Senin pagi, 20 Januari 2025, yang cerah. Paling tidak di bilangan Bintaro, Tangerang Selatan, yang belakangan ini hampir setiap hari turun hujan. Kecerahan pagi tampaknya juga terlihat dari berbagai unggahan dan komentar dalam sejumlah WhatsApp Group (WAG) yang saya ikuti. Saling menyapa selamat pagi, saling menulis kata-kata motivasi untuk lebih bersemangat.
Di antara sekian banyak unggahan dan komentar itu, saya tertarik mengomentari unggahan seorang teman di WAG "Derap Pramuka", sebuah grup yang berisikan mereka yang pernah aktif di Dewan Kerja Pramuka Penegak (16-20 tahun) dan Pandega (21-25 tahun).

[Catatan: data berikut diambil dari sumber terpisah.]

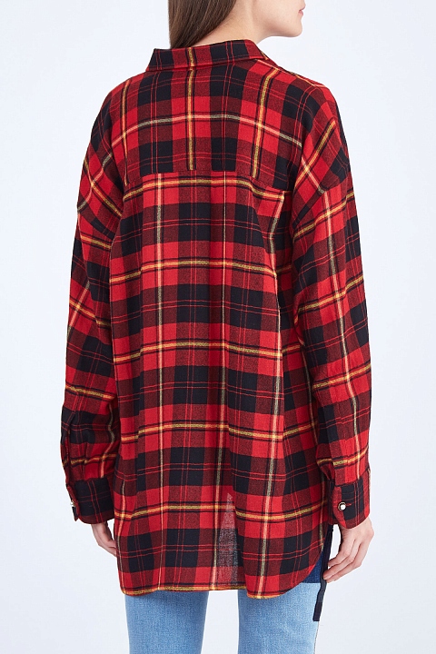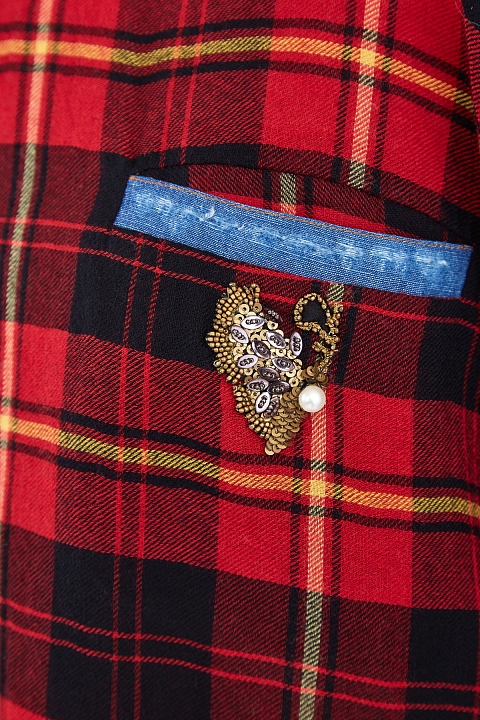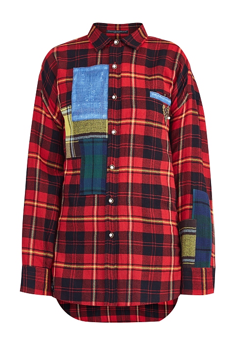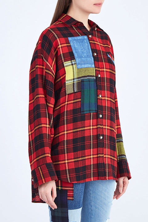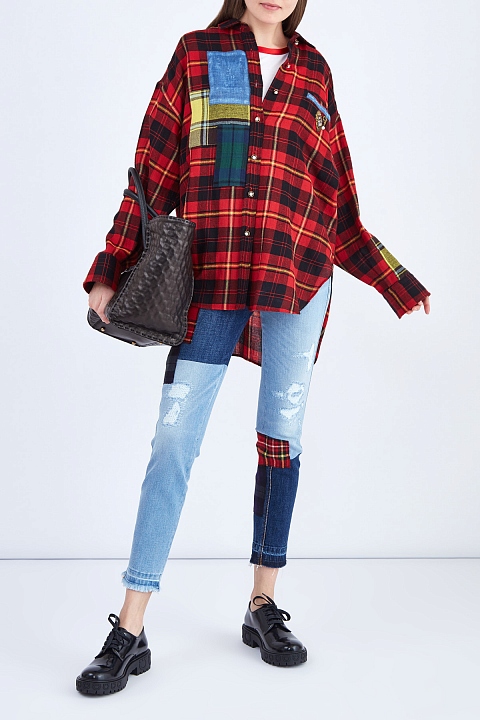 Яркая рубашка oversize-кроя от Ermanno Scervino создана из держащей форму шерстяной ткани с добавлением волокон хлопка для придания мягкости. Модель декорирована принтом в шотландскую клетку в черно-алой гамме, а также дополнена мозаичными нашивками из денима. Нагрудный карман дополнен вышивкой ручной работы из бисера. Детали: пуговицы в винтажном стиле, отложной ворот. Сделано в Италии.

Walaupun sebagian yang terdaftar dalam WAG tersebut sudah tidak aktif lagi dalam Gerakan Pramuka, tetapi kecintaan pada organisasi gerakan pendidikan kepanduan tersebut, membuat mereka tetap "bersuara".
Pagi ini, di WAG tersebut ada yang mengunggah Surat Edaran (SE) bersama tiga menteri. Lengkapnya, Surat Edaran Bersama Menteri Pendidikan Dasar dan Menengah Republik Indonesia dan Menteri Dalam Negeri Republik Indonesia dan Menteri Agama Republik Indonesia. Masing-masing dengan Nomor 1 Tahun 2025, 800.2.1/225/SJ, dan 1 Tahun 2025, tentang Penguatan Pendidikan Karakter Melalui Pembiasaan di Satuan Pendidikan.
Diterbitkan di Jakarta pada 16 Januari 2025, SE tersebut ditandatangani Menteri Pendidikan Dasar dan Menengah Abdul Mu'ti, Menteri Dalam Negeri Muhammad Tito Karnavian, dan Menteri Agama Nasaruddin Umar. Pada bagian awal SE tersebut disebutkan latar belakang diterbitkannya edaran tersebut, yaitu "Dalam rangka terwujudnya lndonesia Emas 2045, diperlukan sumber daya manusia unggul. Namun, pendidikan saat ini masih menghadapi tantangan, antara lain kekerasan, kesehatan  fisik dan psikis, serta adiksi gawai, pornografi, judi daring, dan narkoba pada peserta didik."
Ditambahkan pula, "Untuk menghadapi beberapa tantangan tersebut perlu disiapkan peserta didik yang memiliki delapan karakter utama bangsa, yakni religius, bermoral, sehat, cerdas dan kreatif, kerja keras, disiplin dan tertib, mandiri, serta bermanfaat. Delapan karakter utama bangsa ini dapat tercapai melalui pembiasaan yang harus dilakukan oleh peserta didik setiap hari dan terus berkelanjutan. Untuk itu diperlukan Penguatan Pendidikan Karakter melalui Pembiasaan di Satuan Pendidikan."
Tanggapan pertama terhadap SE tersebut adalah rasa syukur, bahwa pemerintah melalui tiga Kementerian tersebut tetap menganggap penting penguatan pendidikan karakter. Berpuluh tahun lalu, ada pendidikan budi pekerti yang diajarkan di sekolah-sekolah. Namun, kini sudah tidak ada lagi. Pendidikan budi pekerti dijadikan bagian dari mata pelajaran lainnya. Pengamatan saya, karena hanya menjadi bagian dari mata pelajaran lain, maka pendidikan budi pekerti tidak terlalu terlihat dan terasakan langsung oleh para peserta didik, yaitu para siswa di sekolah. Itulah sebabnya, penguatan pendidikan karakter yang ditegaskan dalam SE tiga menteri tersebut patut disambut dengan rasa syukur.
Tujuh Kebiasaan Anak Hebat
Â
Selanjutnya, menarik pula dicermati mengenai isi SE tersebut, yaitu menggerakkan kembali penguatan pendidikan karakter di catur pusat pendidikan. Catur atau empat pusat pendidikan yang dimaksud adalah satuan pendidikan, keluarga, masyarakat, dan media. Bagaimana cara menggerakannya? Jawabannya melalui "Gerakan Tujuh Kebiasaan Anak lndonesia Hebat."